The Constitutional Convention record also raises an overlooked concern in the current debate, one that would have been readily discernible to the authors: the balance of power between the government’s branches. If the balance of power between large and small states was the Constitution authors’ primary external concern, the balance between the branches was their primary internal one.

If an individual could be tried after leaving office and barred from future offices, the legislature would have a preemptive power over the executive. Potential executive branch members who had served in the federal government could be preemptively impeached and barred from future office. To not see this line of reasoning is to ignore the concerns of the Constitutional Convention, and it is also to ignore the only effective purpose in the current impeachment: to bar Trump from any future service.

Severing impeachment from the time a person is in office would mean giving Congress a power of impeachment without a statute of limitations. There would be nothing preventing Congress from barring any former executive branch member from future office at any point in time.
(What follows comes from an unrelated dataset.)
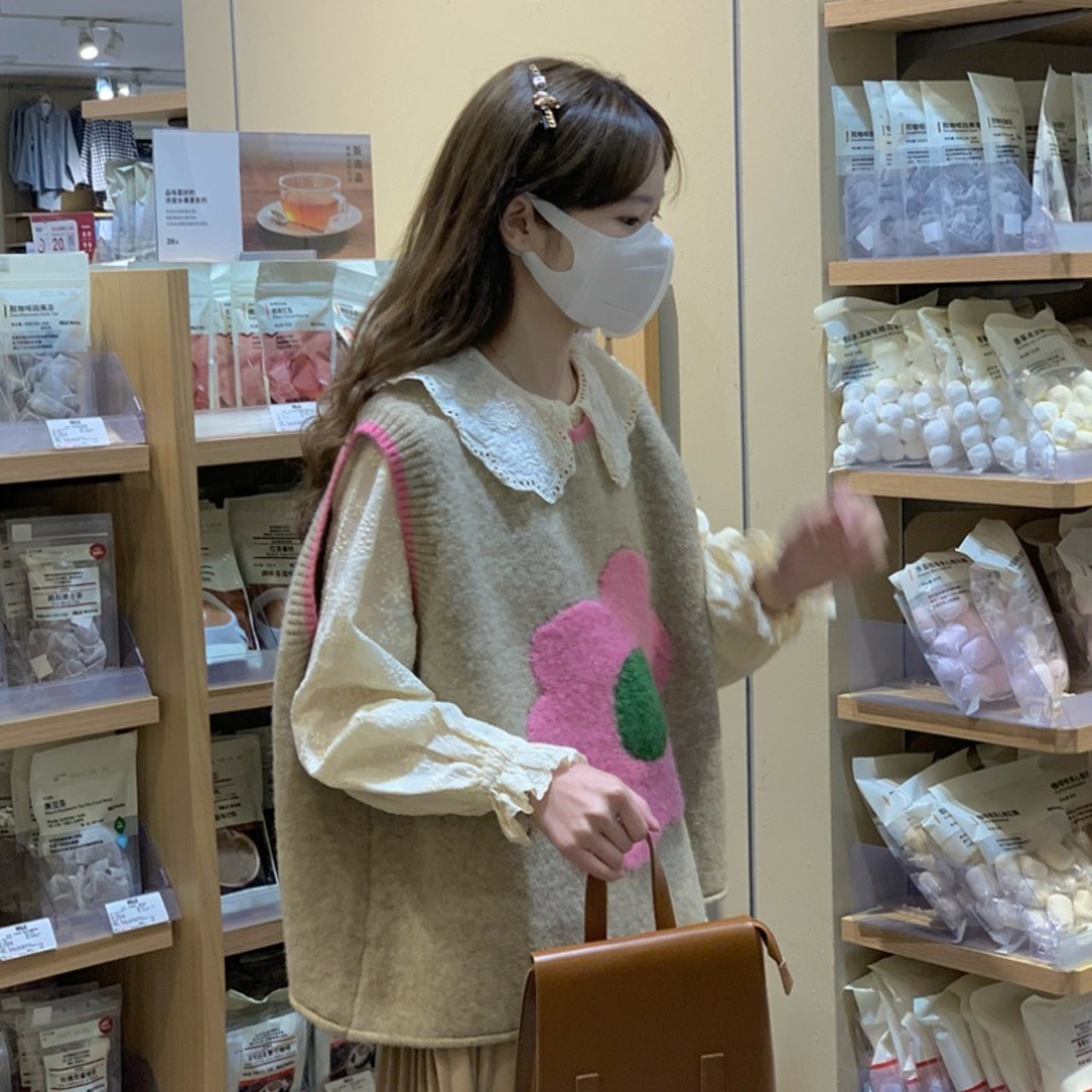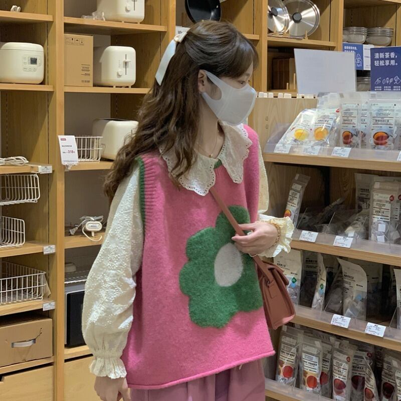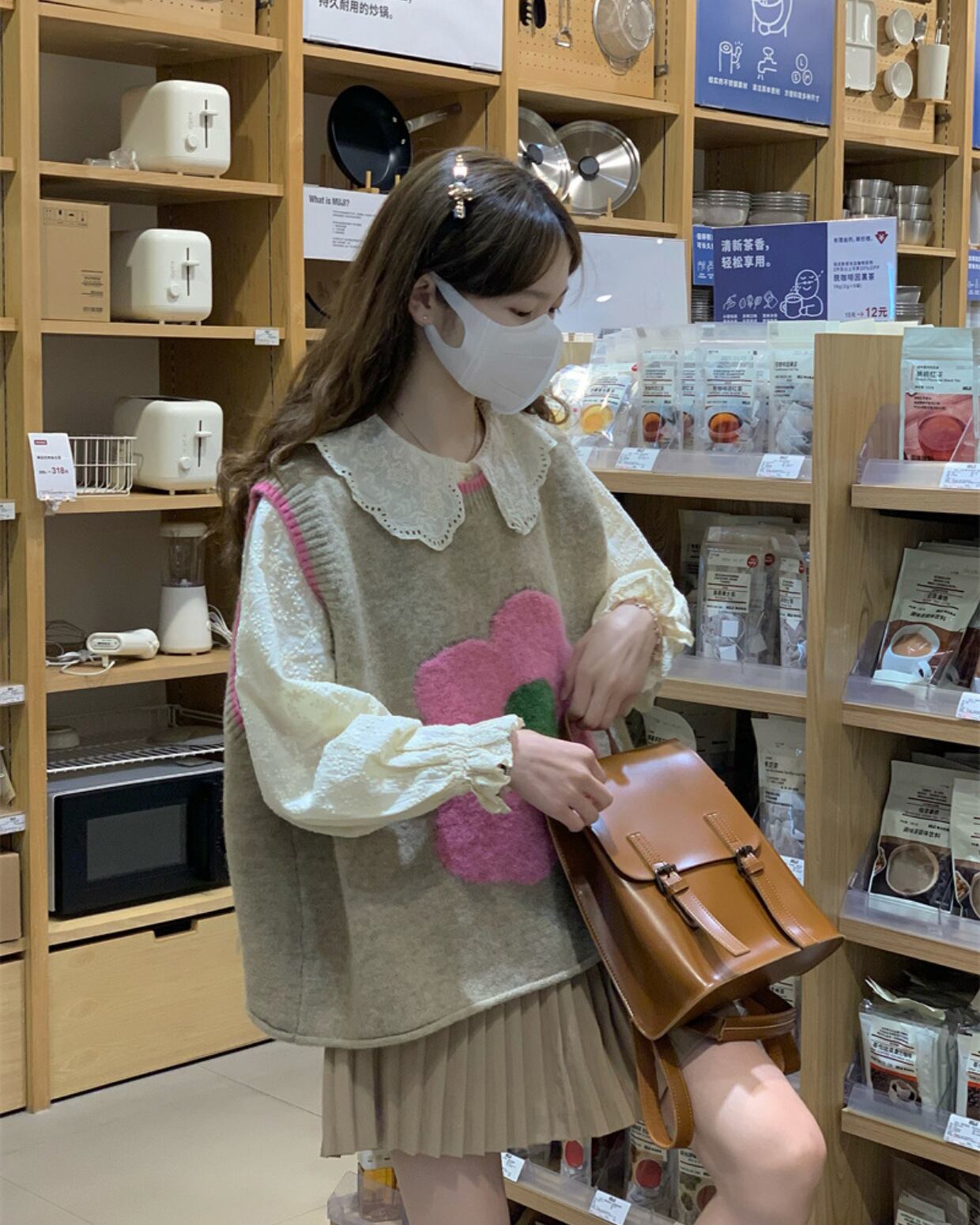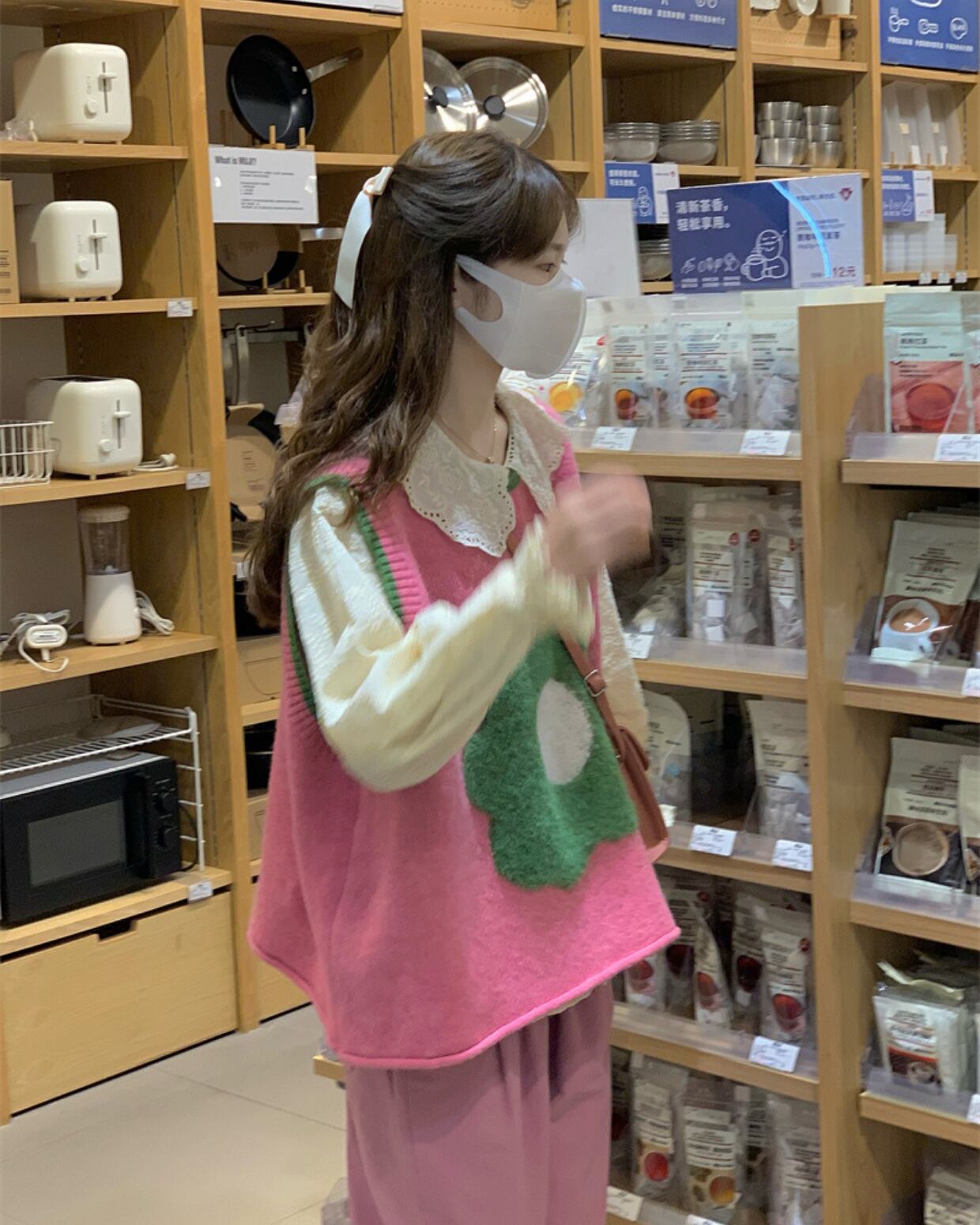 色:カーキフラワーベスト,ピンクの花のベスト,刺繍入りシャツ
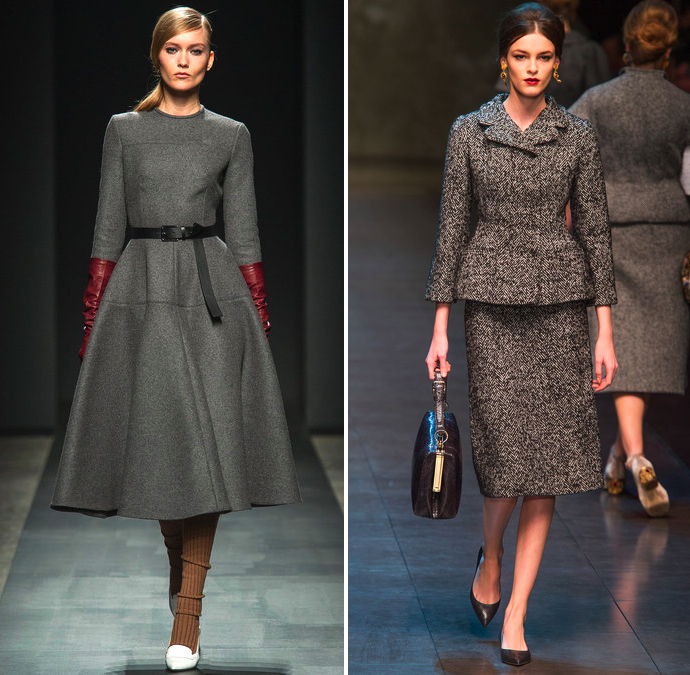 Ретротематика стала лейтмотивом показов в Милане, также как и в Лондоне и Нью-Йорке. Дизайнеры не проявили единодушия в выборе эпохи. Так, 40-е были замечены у Dsquared2 и Aquilano.Rimondi. Тему развила Миучча Прада, показав момент перехода от военных 40-х к диоровскому new look в одной из самых сильных коллекций сезона. Мотивы 50-х были подхвачены Dolce & Gabbana и маркой Ports 1961.

We can agree that the January 6 Capitol riots were horrific and that Trump’s dispute of the election results was carried on beyond due diligence to investigate the outcome. Yet there has been no attempt to investigate Trump’s actions and produce a charge. That Trump’s actions constituted inciting an insurrection is unlikely to be proven in the Senate or any other court. That an impeachment trial of a person no longer in office is unconstitutional is clearer still. Clearest of all is that the impeachment of someone no longer in office for the purpose of barring that person from future office is an encroachment on the executive branch and the electorate at large. And that is more dangerous than the impeachment itself.

J.T. Young served under President George W. Bush as the director of communications in the Office of Management and Budget and as deputy assistant secretary in legislative affairs for tax and budget at the Treasury Department. He served as a congressional staffer from 1987 through 2000.